Dataset excerpts
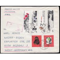 1980 Paintings of Qi Baishi on official cover sent by registered airmail of China Stamp Export Com...
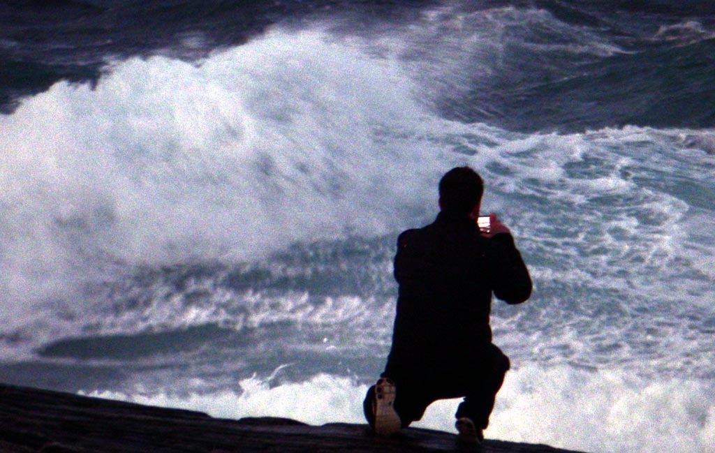 Sent ettermiddag utmed havet. Mann med mobilen sin utmed Skarvøya i Hustadvika.
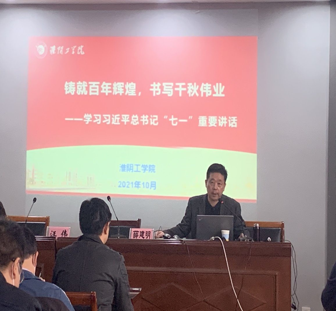 10月20日,校党史学习教育宣讲团成员薛建明教授来到计算机与软件工程学院作题为《铸就百年辉煌,书写千秋伟业》的专题宣讲。全体教职工参加会议,学院党委书记汪伟主持宣讲会。
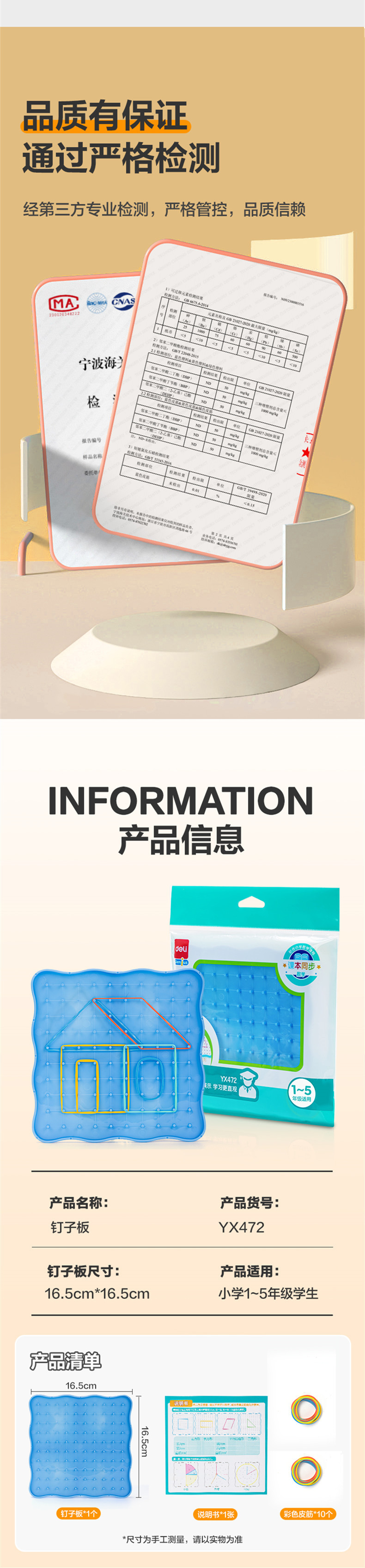 Deli YX472 네일 보드 초등학교 수학 기하학 교육 에이즈 네일 보드 초등 학생을위한 다기능 후크 네일 보드
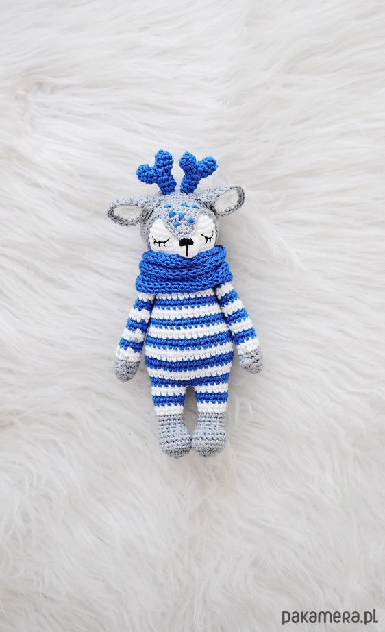 Jelonek ma ok. 20cm wzrostu i szaro-niebiesko-białe umaszczenie. Jego dodatkową ozdobą jest dziergany zawijany wokół szyi szalik. Jelonek nie stoi samodzielnie.

▶ What you should do:
Begin at the first line of the data above and repeat each line exactly, stopping after the line containing "10月20日,校党史学习教育". Omit the pictures.

▶ Answer for the task:
 1980 Paintings of Qi Baishi on official cover sent by registered airmail of China Stamp Export Com...
 Sent ettermiddag utmed havet. Mann med mobilen sin utmed Skarvøya i Hustadvika.
 10月20日,校党史学习教育宣讲团成员薛建明教授来到计算机与软件工程学院作题为《铸就百年辉煌,书写千秋伟业》的专题宣讲。全体教职工参加会议,学院党委书记汪伟主持宣讲会。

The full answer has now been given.